Uno sguardo oltre la crisi
Chanukkah ci ha appena lasciato, ma i suoi profondi e ampi significati, così pregnanti rispetto alla realtà di oggi, ci accompagnano e (è il caso di dirlo) ci illuminano. La poliedricità di senso legata al cimento del mondo ebraico con quello ellenistico mi ha sempre portato a riflettere, a ribadire con convinzione l’importanza – anche per l’ebraismo – del contributo del pensiero e del mondo occidentale, ma anche a cogliere la centralità dell’elemento di distinzione che caratterizza la nostra identità e il nostro sguardo sul mondo. Mai come quest’anno, però, il significato della festa, l’incontro/scontro tra due approcci razionali talvolta complementari ma fondamentalmente diversi mi è sembrato attuale e ricco di suggerimenti.
Le abitudini, la mentalità, la cultura greche che si insinuano nel mondo ebraico del II secolo avanti l’era volgare e lo conquistano dall’interno rappresentano da sempre ai nostri occhi alcune radici di quella civiltà occidentale nella quale siamo inseriti e alla quale partecipiamo come ebrei apportando peraltro il contributo originale della visione biblica, anch’essa tassello essenziale della sua evoluzione. Il rischio che Chanukkah denuncia e affronta è il venir meno dell’equilibrio nel nostro inevitabile e per molti aspetti positivo inserimento in quel “mondo degli altri” che giustamente (ma parzialmente) è anche il nostro; è il rischio dello smarrimento di sé e della propria identità, della perdita di consapevolezza della propria storia e del proprio ruolo, il rischio dell’auto-annullamento nel magma affascinante del naturalismo, del pluralismo, dell’oggettivismo scientifico: tutti doni preziosi del mondo greco all’umanità, doni però in qualche modo “avvelenati” perché inibitori della coscienza storico/nazionale e soprattutto scettici distruttori di uno spirito trascendente e unitario, fondamento invece della Weltanschauung ebraica. Credo che il pericolo rispetto al quale Chanukkah possa fare oggi da antidoto sia però in qualche modo ancora dilatato; le sue luci, richiamo alla spiritualità e alla coscienza di una dimensione superiore rispetto alla natura, sono un’arma simbolica contro l’omologazione imperante negli atteggiamenti e nelle scelte, contro il pensiero unico e massificante che nuovi modelli politici tendono a imporre. Accendere i lumi per otto sere riaffermando la nostra identità storica e culturale può essere una risposta di autonomia rispetto al tentativo di aggregazione imposta e auto-esaltante proveniente dal vertice.
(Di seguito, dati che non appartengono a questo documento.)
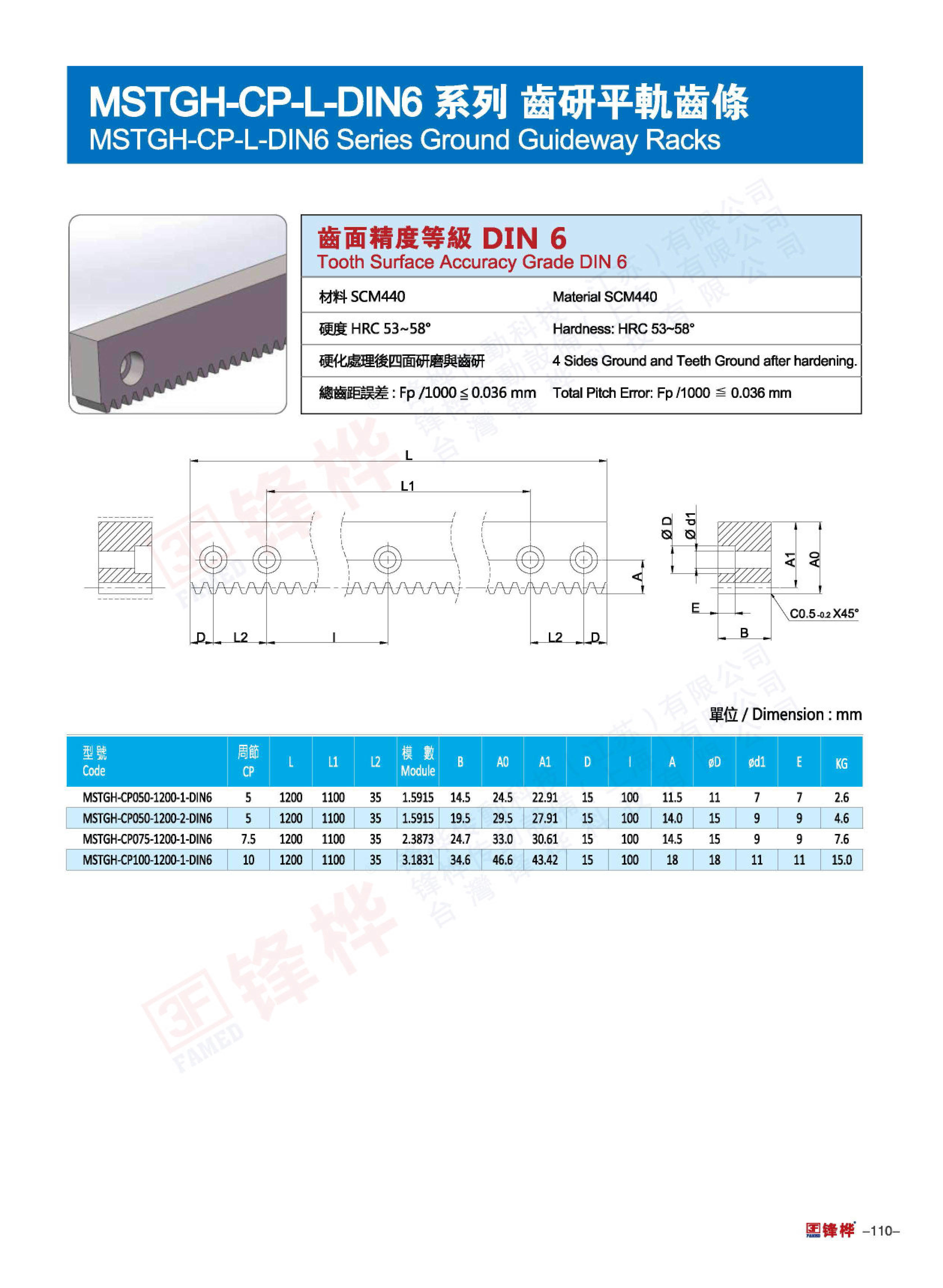 MSTGH-CP-DIN6系列 研磨平轨齿条(P109)

Proseguendo il confronto passato/presente con un gioco di metafore un po’ surreali ma forse non del tutto infondate, la resistenza dei Maccabei e dei loro seguaci all’esercito greco si avvicina all’attuale opposizione di poche (e odiate) élite coscienti al populismo becero che ci guida. La devastazione e la sconsacrazione del Tempio rimandano alla distruzione di valori consolidati (dalla solidarietà alla democrazia rappresentativa) operata dai sedicenti rivoluzionari che ci governano. La mancanza di combustibile puro per la menorah ci suggerisce l’assenza – nella crisi attuale – di stimoli e di propositi nobili in grado di accendere la luce del mondo. E il miracolo dell’olio dell’ampolla che dura per otto giorni? Evoca la forza della nostra consapevolezza ebraica, sufficiente ad alimentare una resistenza spirituale capace di far sopravvivere la luce della speranza in un orizzonte ogni giorno più plumbeo.